= Data extract =

%%

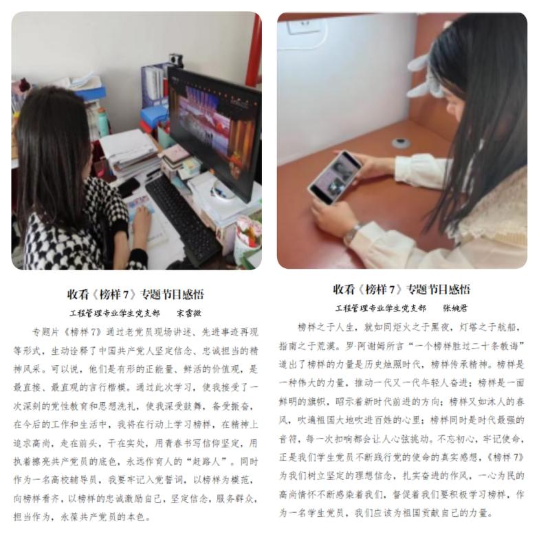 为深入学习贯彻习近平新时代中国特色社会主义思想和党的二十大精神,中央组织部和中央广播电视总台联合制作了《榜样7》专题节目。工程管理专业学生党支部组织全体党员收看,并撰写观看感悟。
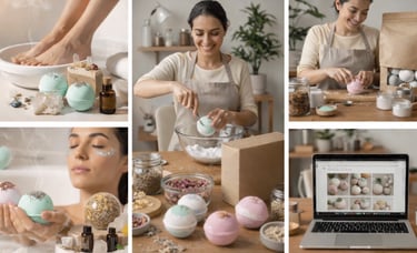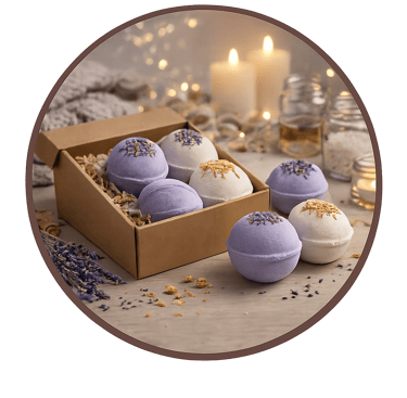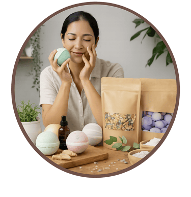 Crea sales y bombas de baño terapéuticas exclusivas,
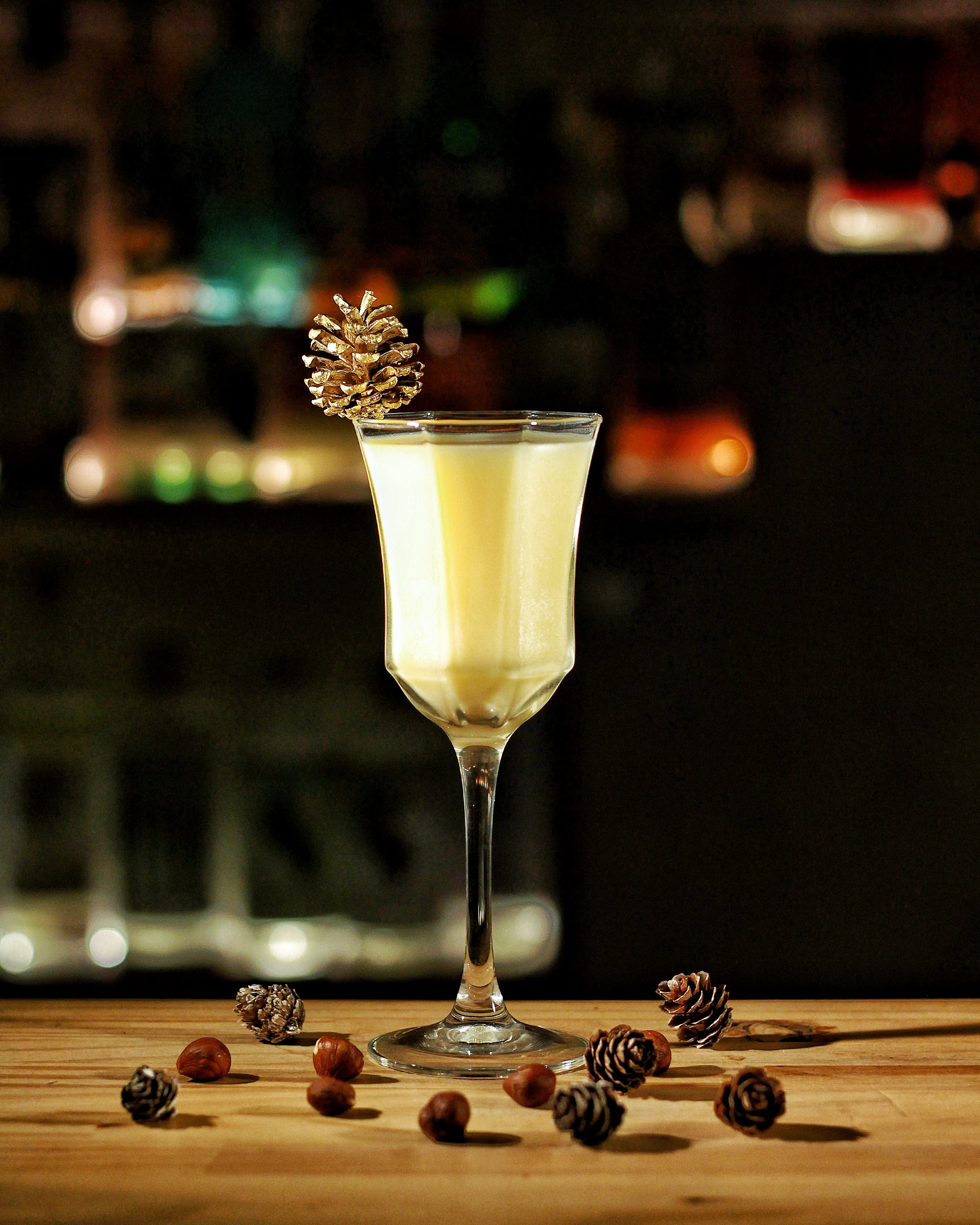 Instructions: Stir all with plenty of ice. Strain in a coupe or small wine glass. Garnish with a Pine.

%%
%%

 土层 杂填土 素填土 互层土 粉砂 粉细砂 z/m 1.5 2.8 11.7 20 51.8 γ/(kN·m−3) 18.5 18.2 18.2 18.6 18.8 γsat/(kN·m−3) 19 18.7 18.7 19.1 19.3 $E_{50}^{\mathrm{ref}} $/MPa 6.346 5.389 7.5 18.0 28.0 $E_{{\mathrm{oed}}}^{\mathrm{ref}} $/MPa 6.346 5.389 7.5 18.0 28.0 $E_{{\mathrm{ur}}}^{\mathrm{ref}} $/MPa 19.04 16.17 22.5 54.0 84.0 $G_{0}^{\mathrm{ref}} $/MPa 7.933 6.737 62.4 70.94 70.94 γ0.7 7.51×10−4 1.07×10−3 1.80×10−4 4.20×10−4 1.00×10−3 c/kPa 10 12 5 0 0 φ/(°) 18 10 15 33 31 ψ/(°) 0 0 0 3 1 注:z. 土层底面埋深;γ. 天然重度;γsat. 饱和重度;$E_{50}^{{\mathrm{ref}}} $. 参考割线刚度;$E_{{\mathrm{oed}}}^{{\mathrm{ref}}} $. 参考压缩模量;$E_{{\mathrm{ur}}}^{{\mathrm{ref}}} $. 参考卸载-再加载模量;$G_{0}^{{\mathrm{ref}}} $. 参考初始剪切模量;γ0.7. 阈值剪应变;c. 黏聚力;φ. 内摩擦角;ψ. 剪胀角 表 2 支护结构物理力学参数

%%
%%

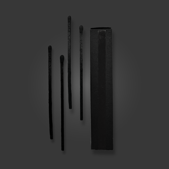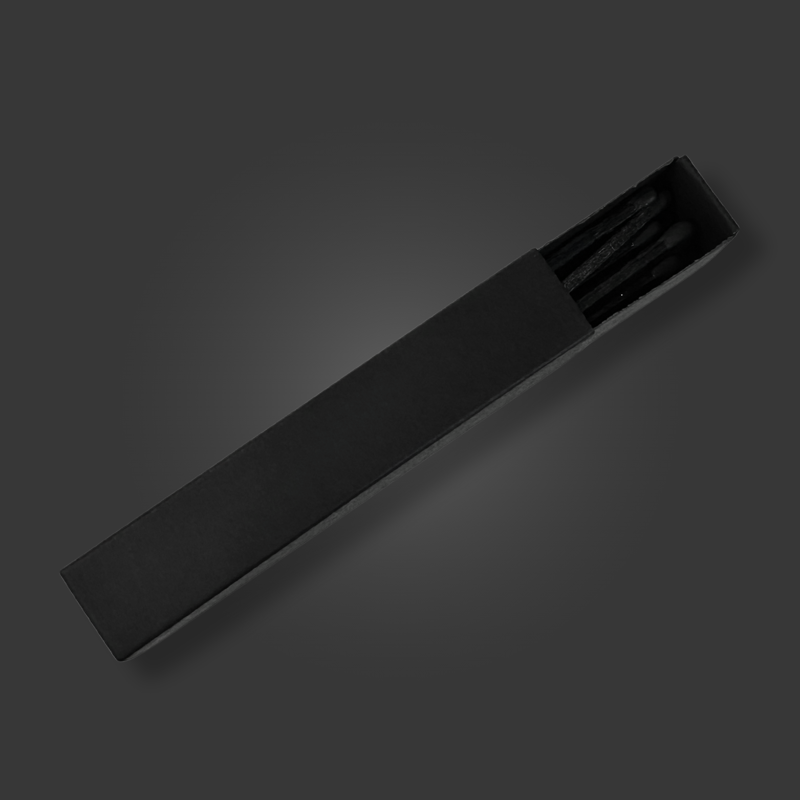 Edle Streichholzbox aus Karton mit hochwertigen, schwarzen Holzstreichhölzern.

%%

= Exercise goal =
Line for line, output the entries above from the line with "为深入学习贯彻习近平新时代中" to the line with "Instructions: Stir all", both included, and nothing more. Skip pictures.

= Task output =
 为深入学习贯彻习近平新时代中国特色社会主义思想和党的二十大精神,中央组织部和中央广播电视总台联合制作了《榜样7》专题节目。工程管理专业学生党支部组织全体党员收看,并撰写观看感悟。
 Crea sales y bombas de baño terapéuticas exclusivas,
 Instructions: Stir all with plenty of ice. Strain in a coupe or small wine glass. Garnish with a Pine.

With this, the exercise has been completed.